Fazla demir, daha yüksek hastalık ve ölüm oranlarıyla ilişkilendirilmiştir. Örneğin, düşük ferroportin ekspresyonuna sahip (daha yüksek hücre içi demir konsantrasyonlarına yol açan) meme kanseri hastaları , ortalama olarak daha kısa bir süre hayatta kalırken, yüksek ferroportin ekspresyonu, meme kanseri hastalarında %90 10 yıllık sağkalımı öngörmektedir.

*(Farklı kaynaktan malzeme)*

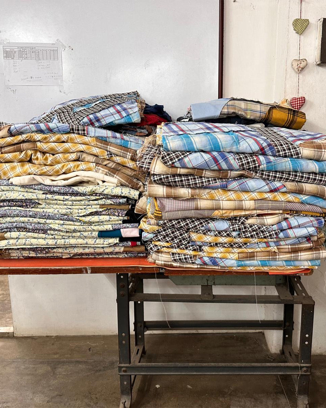 Jessica Ogden, a passionate quilt and patchwork designer, also nicknamed “The Patchwork Queen” started this project with A.P.C. founder jean Touitou. Inspired by the years of archived A.P.C. fabrics available to work with and trying to find a way to recycle them.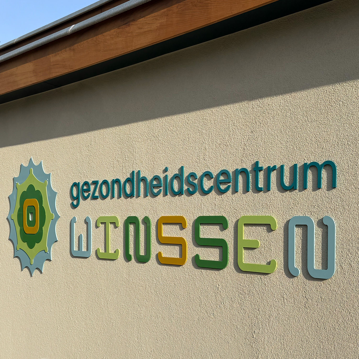 Het beeldmerk van Gezondheidscentrum Winssen is een abstracte vertaling van het gebouw en haar ligging in de polder achter de dijk in het land van Maas en Waal. De buitenste ring symboliseert het water, de lichtgroene ring verbeeldt de uiterwaarden met de kribben, de donkergroene ring staat voor de fruitbomen in en rondom het dorp en de bruine ring staat symbool voor de bebouwing en heeft de vorm van de houten patio in het hart van het gezondheidscentrum.

Benzer şekilde, serum demir düzeylerini arttırdığı bilinen demir taşıyıcı genlerdeki genetik varyasyonlar da yaşam süresini ve sağlıkta geçirilen ortalama yıl sayısını azaltır . Hemokromatozdan sorumlu olanlar (aşağıya bakınız) gibi demir emilimini artıran mutasyonların, demir eksikliği anemisine karşı seçici bir avantaj sağladıkları için Neolitik zamanlarda seçildiği öne sürülmüştür . Sistemik demir seviyelerindeki artış, yaşlılıkta patolojik hale gelir ve bu, antagonistik pleiotropinin veya "hiperfonksiyonun" insan yaşlanmasına neden olduğu fikrini destekler .

Kronik demir toksisitesi genellikle genetik hastalıklar, tekrarlanan transfüzyonlar veya diğer nedenlerle ilişkili daha kronik aşırı demir yüklenmesi sendromlarının sonucudur. Bu gibi durumlarda bir yetişkinin demir depoları 50 gram (normal toplam vücut demirinin 10 katı) veya daha fazla olabilir. Aşırı demir yüklenmesinin en yaygın hastalıkları , HFE genindeki mutasyonların neden olduğu kalıtsal hemokromatoz (HH) ve hemojuvelin ( HJV ) veya hepsidin ( HAMP ) mutasyonlarının neden olduğu daha ciddi hastalık juvenil hemokromatozisidir (JH ). Genetik aşırı demir yükleme bozukluklarının çoğunu oluşturan çeşitli yetişkin hemokromatozis biçimlerinin çoğunun kesin mekanizmaları çözülmemiştir. Bu nedenle, araştırmacılar hemokromatozisin yetişkin varyantlarına neden olan genetik mutasyonları tespit edebilmiş olsalar da, şimdi dikkatlerini bu mutasyona uğramış genlerin normal işlevine çevirmeleri gerekiyor.